The name ftrace comes from "function tracer", which was its original purpose, but it can do more than that. Various additional tracers have been added to look at things like context switches, how long interrupts are disabled, how long it takes for high-priority tasks to run after they have been woken up, and so on. Its genesis in the realtime tree is evident in the tracers so far available, but ftrace also includes a plugin framework that allows new tracers to be added easily.

In a suitably configured kernel—one with CONFIG_FUNCTION_TRACER enabled—accessing ftrace is done through the debug filesystem. Typically, it is mounted this way:

    # mount -t debugfs nodev /debug

That creates a /debug/tracing subdirectory which is used to control ftrace and for getting output from the tool.

One chooses a particular tracer to use by writing to /debug/tracing/current_tracer—possibly after querying the tracers available by reading /debug/tracing/available_tracers. On a recent Fedora rawhide kernel, checking the tracers available results in:

    # cat /debug/tracing/available_tracers
    power wakeup irqsoff function sysprof sched_switch initcall nop

Tracing is then enabled or disabled by writing to /debug/tracing/tracing_enabled.

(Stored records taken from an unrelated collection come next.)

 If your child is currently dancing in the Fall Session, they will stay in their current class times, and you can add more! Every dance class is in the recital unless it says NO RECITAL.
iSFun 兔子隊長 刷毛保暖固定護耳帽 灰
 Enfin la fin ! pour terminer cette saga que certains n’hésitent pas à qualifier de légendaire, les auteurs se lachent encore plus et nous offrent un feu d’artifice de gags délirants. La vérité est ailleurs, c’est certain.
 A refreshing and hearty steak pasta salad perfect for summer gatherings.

Using the function tracer would be done as follows:

    # echo function >/debug/tracing/current_tracer
    # echo 1 >/debug/tracing/tracing_enabled
    ...some commands or activity to trace...
    # echo 0 >/debug/tracing/tracing_enabled

This produces a trace of each kernel function called, along with a timestamp, which will allow a kernel hacker to see what is going on inside the kernel.

Output from ftrace can be read from one of several files in the tracing directory:

trace - contains human-readable output of the trace
latency_trace - output from the same trace, but organized so that system latency issues can be diagnosed, also in human-readable format
trace_pipe - contains the same output as trace, but is meant to be piped into a command. Unlike the other two, reading from this file consumes the output.

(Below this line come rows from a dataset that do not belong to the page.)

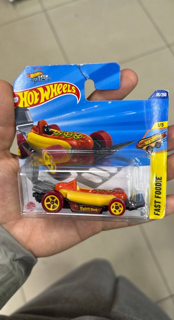 Renkli Hot Wheels oyuncak araba, sarı gövde ve kırmızı-siyah detaylara sahip. Fast Foodie serisinden 1/5 numaralı modeldir. Canlı renkli tekerlekleri ve benzersiz tasarımı var.
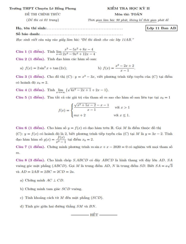 Đề thi học kì 2 (HK2) lớp 11 Toán năm 2019-2020 trường chuyên Lê Hồng Phong TP HCM
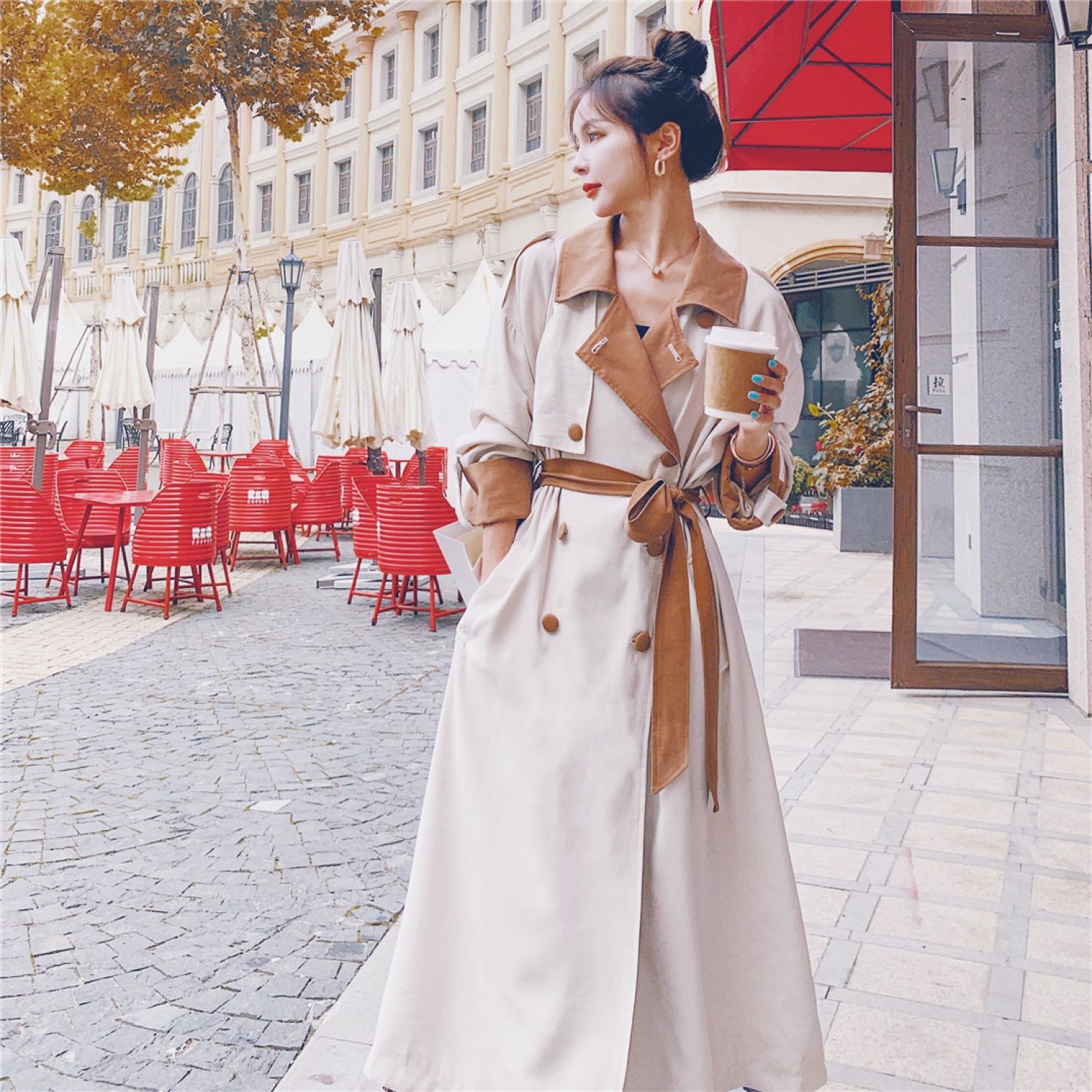 Polyester women's trench coat*1
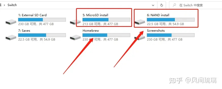 电脑上就能够看到再将塞尔达:王国之泪,两个安装文件,拖动到Switch目录下的,MicroSD install中,或者NAND install中即可,MicroSD install即安装到 SD卡中,NAND install即安装到Switch的机身存储空间中。
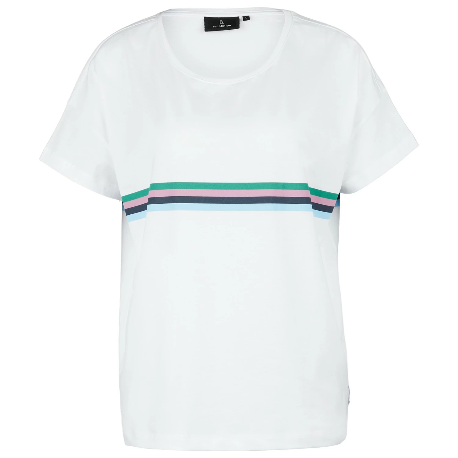 | Extras | offset shoulder seams, crew neck, logo patch |
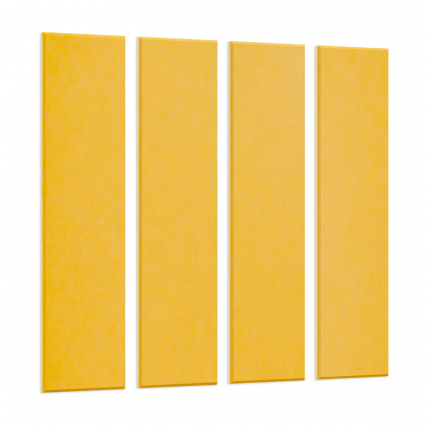 # Acoperire acustica pentru perete constand din 4 benzi galbene de felt de marimea 30 x 120 cm. Mate..
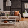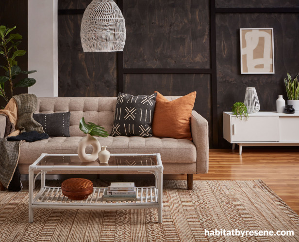 This cosy lounge has walls in Resene Colorwood Sheer Black with battens in Resene All Black and floor stained in Resene Colorwood Natural. The crisp sideboard and coffee table are in Resene Snow Drift and the pillar and the pendant light are in Resene Black White. Bloom 3-Seat Sofa in Sand from Nood, Home Republic Tierra Rust Rug from Adairs, throws and cushions from Citta. Project by Laura Lynn Johnston. Image by Wendy Fenwick.
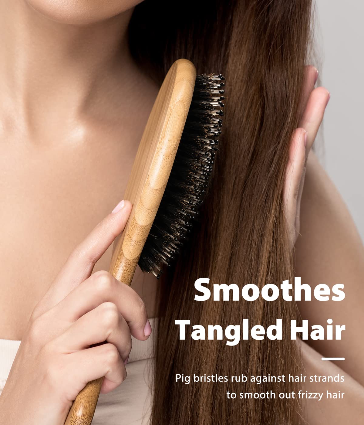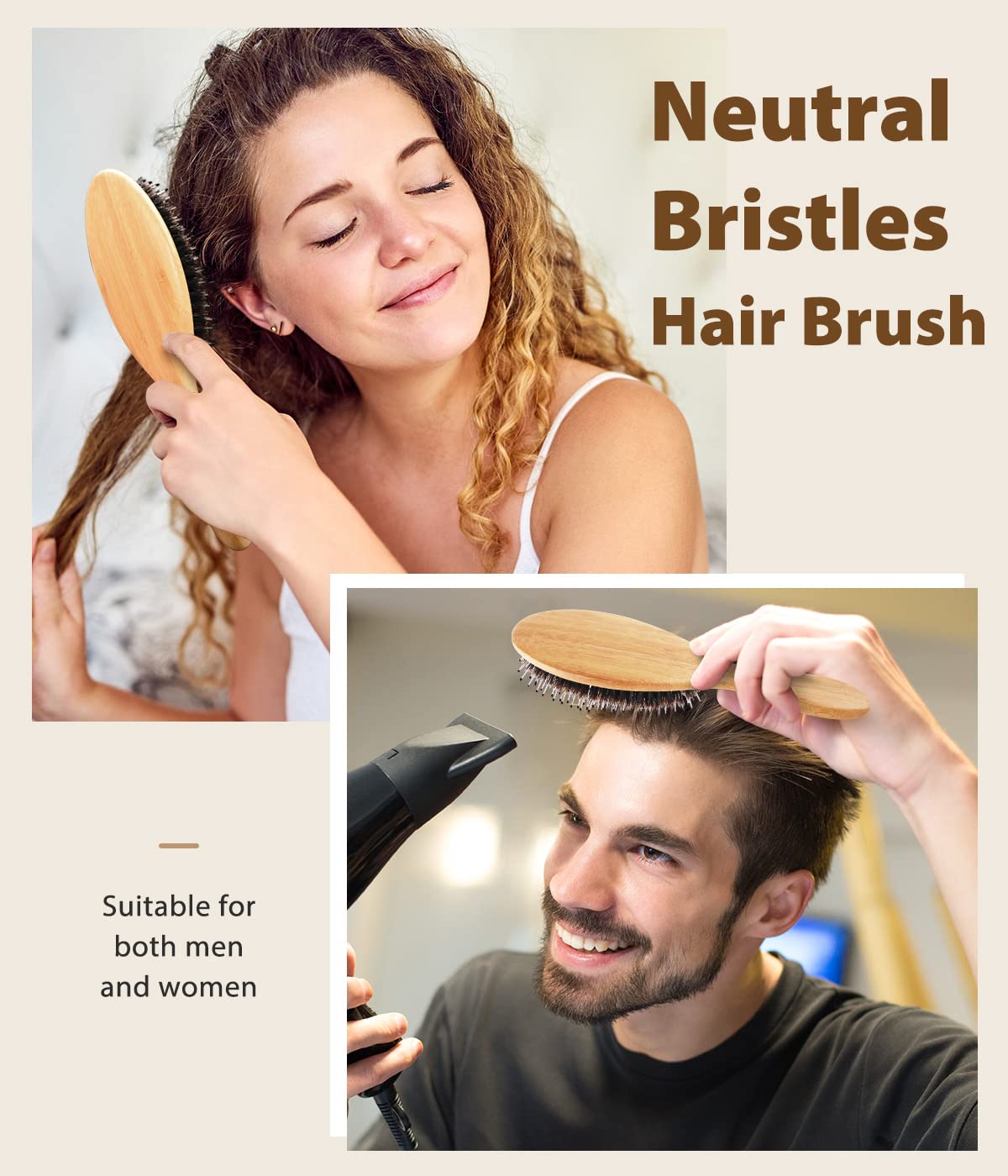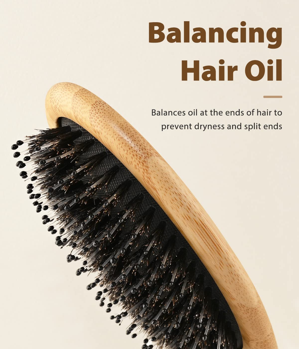 • NATURAL HAIR CONDITIONER - Boar bristle brush distributes scalp sebaceous oils throughout the whole hair. The scalp's own naturally-produced oil that keeps hair from drying out, it's the best natural hair conditioner.

The ring buffer used by ftrace is a fixed size (governed by the buffer_size_kb file), so trace or latency_trace entries will eventually be overwritten.

Here are examples of the output from a function trace. The header helps to decode the various fields in the trace. This is what the output from trace looks like (heavily edited for brevity's sake):

    # tracer: function
    #
    #           TASK-PID    CPU#    TIMESTAMP  FUNCTION
    #              | |       |          |         |
		bash-3330  [000]   147.799029: sys_open <-syscall_call
		bash-3330  [000]   147.799030: do_sys_open <-sys_open
		bash-3330  [000]   147.799030: getname <-do_sys_open
		bash-3330  [000]   147.799031: kmem_cache_alloc <-getname

While this is latency_trace output (similarly edited):

    # tracer: function
    #
    function latency trace v1.1.5 on 2.6.29-0.215.rc7.fc11.i586
    --------------------------------------------------------------------
     latency: 0 us, #120119/5425477, CPU#0 | (M:desktop VP:0, KP:0, SP:0 HP:0 #P:2)
	-----------------
	| task: -0 (uid:0 nice:0 policy:0 rt_prio:0)
	-----------------

    #                  _------=> CPU#            
    #                 / _-----=> irqs-off        
    #                | / _----=> need-resched    
    #                || / _---=> hardirq/softirq 
    #                ||| / _--=> preempt-depth   
    #                |||| /                      
    #                |||||     delay             
    #  cmd     pid   ||||| time  |   caller      
    #     \   /      |||||   \   |   /           
	bash-3330    0.... 3531221us : sys_open (syscall_call)
	bash-3330    0.... 3531222us : do_sys_open (sys_open)
	bash-3330    0.... 3531222us : getname (do_sys_open)
	bash-3330    0.... 3531223us : kmem_cache_alloc (getname)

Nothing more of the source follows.